0%

ENet: A Deep Neural Network Architecture for Real-Time Semantic Segmentation

TITLE: ENet: A Deep Neural Network Architecture for Real-Time Semantic Segmentation

AUTHER: Adam Paszke, Abhishek Chaurasia, Sangpil Kim, Eugenio Culurciello

ASSOCIATION: University of Warsaw, Purdue University

FROM: arXiv:1606.02147

CONTRIBUTIONS

  1. A novel deep neural network architecture named ENet (efficient neural network) is propsed, which is quite efficient.
  2. A serie of designing strategies is discussed.

Design Choices

Network Architecture

Readers could refer to the paper to have a look at the network architecture. The network is inspired by ResNet structure, while the authers re-design it based on the specific task of semantic segmentation and their intuitions.
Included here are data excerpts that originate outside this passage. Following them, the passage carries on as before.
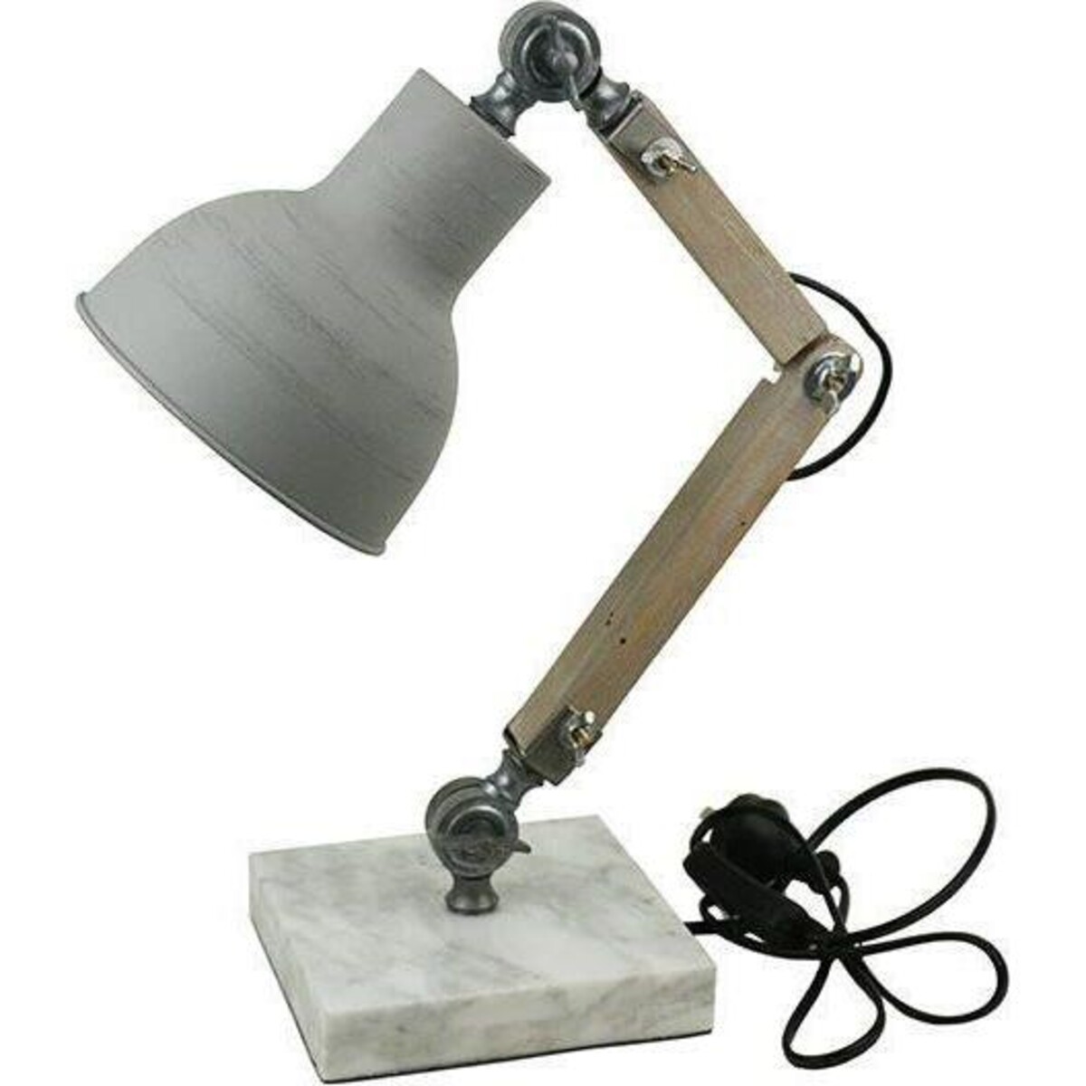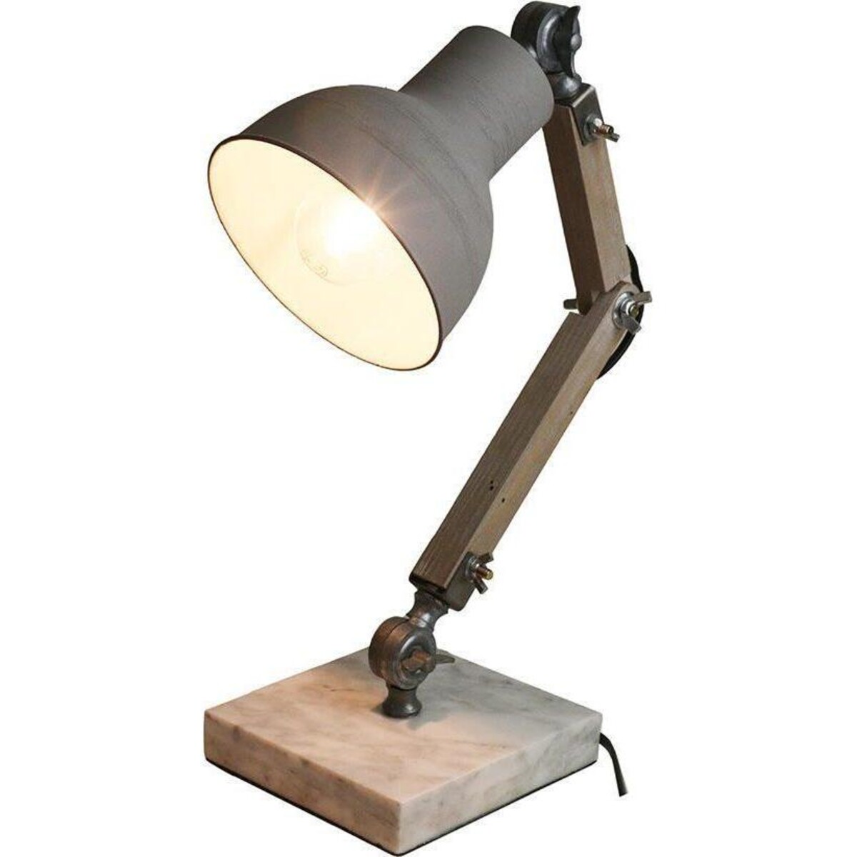 And industrial post modern design that encompasses a varied style of using metal, stone and wood to create a design that looks positively unique. This lamp has an angular structure that is joints made of metal, the base is made of marble in the form of a platform and the round shade has been created from metal. A perfect replica of a traditional lamp that one could see in the industrial era when frill and fancy free designs were the norm. The twist lies in using marble at the base and wood along with metal in rare combination along the arm of the lamp. Can be adjusted in its height and width depending on where it is sued. Would make a lovely display lamp or one that could be used in the children's room as their study lamp. The height of the lamp is 40 cm and its metal shade that holds the bulb has been given the same colour as the marble base. Stable and steady it will make quite an impact where ever it is placed with its unique good looks.
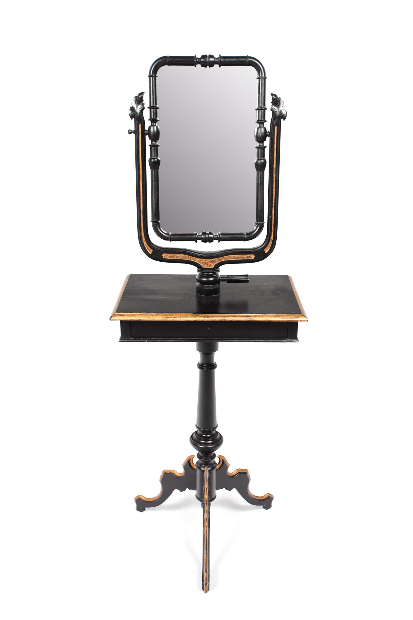 Măsuţă cu blat dreptunghiular, sertar la nivelul centurii, cu o oglindă montată în 2 ramuri baluştri subţiri; picior central pilastru terminat în 3 ramuri console subliniate cu bronz. Stil eclectic.
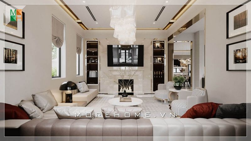 Phòng khách biệt thự theo phong cách tân cổ điển sự dụng hoa văn tròn làm điểm nhấn

The intial block and basic building block (bottlenect module) is shown in the following figure. After the intial block, a comparetively large encoder is constructed using the bottleneck module. On the other hand, a smaller decoder follows the encoder.

Design Strategy

  1. Feature map resolution: Small feature map resolution has two drawbacks 1) loss of finer information of edges and 2) smaller size compared with original image. The advantage is that small feature map resolution means larger receptive field and more context for the filters. The first problem is solved by adding more feature maps or unsampling technique.
  2. Early downsampling: Early downsampling is very helpful for boosting the efficiency of the network while persisting the performance. The idea is that visual information is highly redundant and that initial network layers should not directly contribute to classification but act as good feature extractors.
  3. Decoder size: In most previous works, the encoder and decoder have the same size, for example totally symmetric. In this work, the auther uses a larger encoder and a smaller decoder. The responsibility of encoder is to operate on smaller resolution data and provide for information processing and filtering. Instead, the role of the the decoder, is to upsample the output of the encoder, only fine-tuning the details.
  4. Nonlinear operations In this paper some interesting observations are carried out. The auther invetigates the effect of nonlinear operations by training the network using PReLU. All layers in the main branch behave nearly exactly like regular ReLUs, while the weights of PReLU inside bottleneck modules are negative. It means that typical identity shortcut in ResNet does not work well because of the limited depth of the network.
  5. Information-preserving dimensionality changes: A method of performing pooling operation in parallel with a convolution of stride 2 and concatenating resulting feature maps is used to guarentee efficiency and performance, just as the intial block shows.
  6. Factorizing filters: Using factorizing technique can achive a kernel of larger size while using less computations. In addition, deeper network and more times of non-linear operation helps simulate richer functions.
  7. Dilated convolutions: Dilated convolutions is a good way of maintaining feature resolution while boosting efficiency.
  8. Regularization: Spatial Dropout is used to prevent overfitting.

ADVANTAGES

  1. The network processes fast.

DISADVANTAGES

  1. The performance is comparatively inferior.